**ABOUT THIS EXERCISE**: Pictures are to be omitted; everything else in the data must be transcribed exactly.

**SOURCE MATERIAL**:
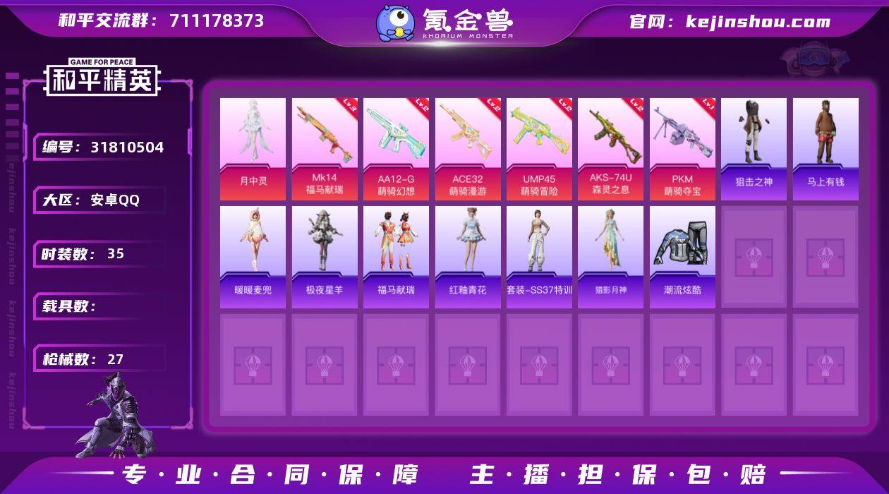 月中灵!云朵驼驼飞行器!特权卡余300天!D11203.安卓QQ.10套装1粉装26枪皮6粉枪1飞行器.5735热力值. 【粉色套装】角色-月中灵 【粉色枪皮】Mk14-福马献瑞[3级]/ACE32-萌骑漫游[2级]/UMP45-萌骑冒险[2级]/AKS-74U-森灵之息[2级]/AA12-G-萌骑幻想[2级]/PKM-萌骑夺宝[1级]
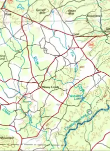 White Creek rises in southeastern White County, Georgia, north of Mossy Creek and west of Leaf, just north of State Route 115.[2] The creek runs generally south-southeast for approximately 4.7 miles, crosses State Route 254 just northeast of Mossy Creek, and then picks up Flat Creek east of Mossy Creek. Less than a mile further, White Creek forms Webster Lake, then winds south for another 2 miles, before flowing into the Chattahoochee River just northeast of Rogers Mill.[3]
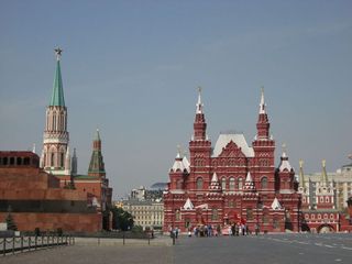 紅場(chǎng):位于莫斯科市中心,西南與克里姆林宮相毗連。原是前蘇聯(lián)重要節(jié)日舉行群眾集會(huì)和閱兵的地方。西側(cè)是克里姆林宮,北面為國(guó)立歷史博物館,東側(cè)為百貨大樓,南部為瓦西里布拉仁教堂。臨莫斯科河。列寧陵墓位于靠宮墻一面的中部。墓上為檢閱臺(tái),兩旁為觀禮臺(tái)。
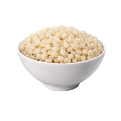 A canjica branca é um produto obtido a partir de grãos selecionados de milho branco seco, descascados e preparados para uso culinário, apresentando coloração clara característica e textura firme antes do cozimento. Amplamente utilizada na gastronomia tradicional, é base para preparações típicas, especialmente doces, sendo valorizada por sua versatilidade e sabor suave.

**OUTPUT FOR THIS EXERCISE**:
 月中灵!云朵驼驼飞行器!特权卡余300天!D11203.安卓QQ.10套装1粉装26枪皮6粉枪1飞行器.5735热力值. 【粉色套装】角色-月中灵 【粉色枪皮】Mk14-福马献瑞[3级]/ACE32-萌骑漫游[2级]/UMP45-萌骑冒险[2级]/AKS-74U-森灵之息[2级]/AA12-G-萌骑幻想[2级]/PKM-萌骑夺宝[1级]
 White Creek rises in southeastern White County, Georgia, north of Mossy Creek and west of Leaf, just north of State Route 115.[2] The creek runs generally south-southeast for approximately 4.7 miles, crosses State Route 254 just northeast of Mossy Creek, and then picks up Flat Creek east of Mossy Creek. Less than a mile further, White Creek forms Webster Lake, then winds south for another 2 miles, before flowing into the Chattahoochee River just northeast of Rogers Mill.[3]
 紅場(chǎng):位于莫斯科市中心,西南與克里姆林宮相毗連。原是前蘇聯(lián)重要節(jié)日舉行群眾集會(huì)和閱兵的地方。西側(cè)是克里姆林宮,北面為國(guó)立歷史博物館,東側(cè)為百貨大樓,南部為瓦西里布拉仁教堂。臨莫斯科河。列寧陵墓位于靠宮墻一面的中部。墓上為檢閱臺(tái),兩旁為觀禮臺(tái)。
 A canjica branca é um produto obtido a partir de grãos selecionados de milho branco seco, descascados e preparados para uso culinário, apresentando coloração clara característica e textura firme antes do cozimento. Amplamente utilizada na gastronomia tradicional, é base para preparações típicas, especialmente doces, sendo valorizada por sua versatilidade e sabor suave.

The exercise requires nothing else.